The question that emerged from the workshop that even a statistical survey couldn’t
answer was how the artist’s method might affect the relevance of the quotidian
data collected (or, more interestingly, vice versa). What is done once data
is turned into knowledge, and to whom is that knowledge useful? Find a penny
pick it up and all day you’ll have good luck. While all of these artists
probably pick the penny up, not all of them think about how it is spent, or
whose pocket it dropped out of. Helen
Frosi’s aesthetic and archival annotation of the coins she picks up
(or the myriad of other items she collects from letter franks to marks on the
wall – finding, tracing, bagging, tagging and mapping them as she goes)
is not distributed other than through the frame of the art gallery, it remains
intensely personal. Homeless people might well like to know which neighbourhoods
in London have the most ‘lucky pennies’ Adele
Prince’s, current project Lucky World instead uses the internet
to chronicle not only the trajectory of the pennies from her to friends around
the world but also the luck they bring her (though she now hopes to chart the
lives of abandoned shopping trolleys – also a useful fixture in the life
of a homeless person, though I fear supermarkets may be more interested in her
tagging of trolleys than Big Issue sellers will be). In other instances, such
as the lists and rules generated by
Hannah Brown (she often consults with couples and subsequently creates a
book of love rules for them; she’s also been matching lonely hearts by
cross referencing the singles ads in various newspapers), the routine data investigated
(did I snog someone I shouldn’t have when I got drunk last night?) reflects
back onto the methodology of collecting it. To engage with the question of use-value
would be to enter into an extensive debate with the artists of the social (personal
and political) impact of their research and collecting, to ask them how what
they do is any different that what train-spotters do. And that, I fear, would
be to partially miss the point of their work, and of this show.

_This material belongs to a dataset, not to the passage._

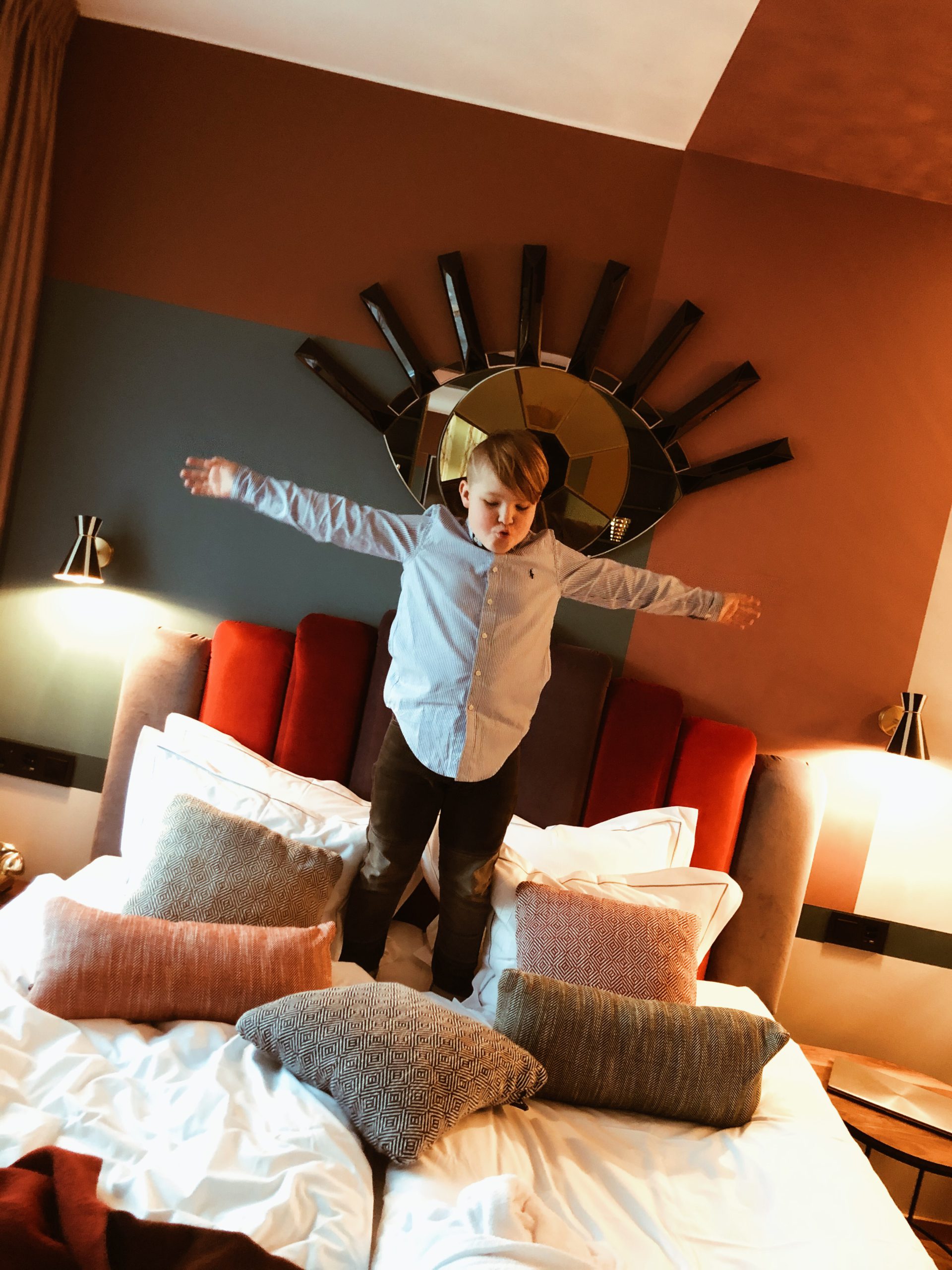 Superhärligt rum med badkar mottin rummet. Milo var lyrisk. Den gossen älskar att bo på hotell. Eller slott är ju detta faktiskt. Å ja, Milo visste vad den guldiga saken på nattygsbordet var. Har sett att vissa barn och ungdomar inte har en aning….. haha. Lite sött faktiskt.

While every artist is concerned with the everyday (not the mundane but the readily
available), not all are obsessively personal about it. However, the number of
artists whose own biographies are explicitly present in their art does outweigh
those whose daily lives don’t figure. Tony
Kemplen tracks international news events in bites of pizza, graphing in
pie chart style his habit of eating supper in front of the television. Ellie
Harrison (also the exhibition’s curator) is similarly interested in
quantifying the seemingly unquantifiable – rating events in her daily
routine, displaying the results in an out of context manner in order to change
their meaning and subsequently making other people aware of their own routine
behaviour.
The artist’s role in society has always been questioned – is it
useful, as is the case with the craft person or the cultural critic, or is it
an ‘excess’, an indulgence, a leisure activity for nought but our
aesthetic gratification? Richard
Dedomenici playfully maps what he calls the Nail Salon Belt around
London, charting social class and upward mobility within the M25 circular. Would
sociologists, urban planners and realtors benefit from Richard’s plotting?

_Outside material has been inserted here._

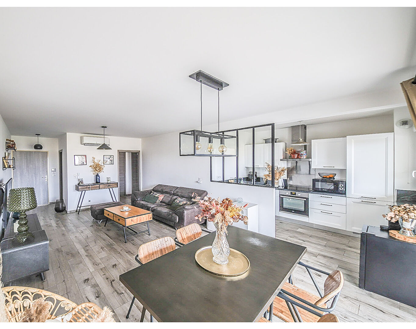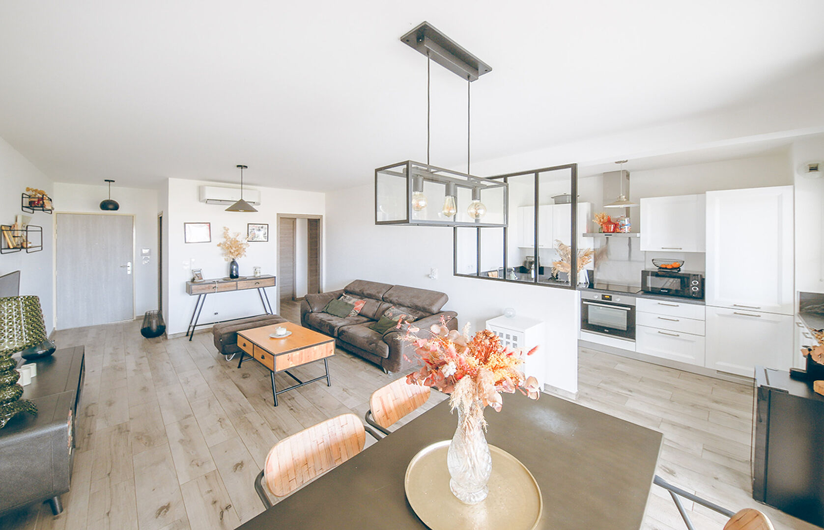 AGENCEMENT : Une entrée menant sur un salon lumineux avec baies vitrées s'ouvrant sur une grande terrasse, sur laquelle vous pourrez déjeuner au soleil, une cuisine semi ouverte moderne et pratique, qui s'intègre parfaitement à l'espace de vie.

Would they generate simulations and predictions from it? This may indeed be
true of Christian Nold’s
Bio Mapping project. By pairing a GPS device with a biometric reading
apparatus (finger sensors that track your heart rate like those you might wear
in a hospital for instance), Christian can ascertain if crossing the road at
one intersection is more stressful for a pedestrian than crossing at a different
intersection a block further down the street.
The even spread across the axes of the use-value of the data, the open or closed
approach to the presentation of the data, and the subjective or distanced engagement
with the content of the data itself is what promises to be the most interesting
angles and points of tension in this exhibition. While data is the medium in
which all of the artists work, the methods they employ vastly change the meaning
of the data they have gathered, and hence allow room for a reflection on how
it is we experience information itself.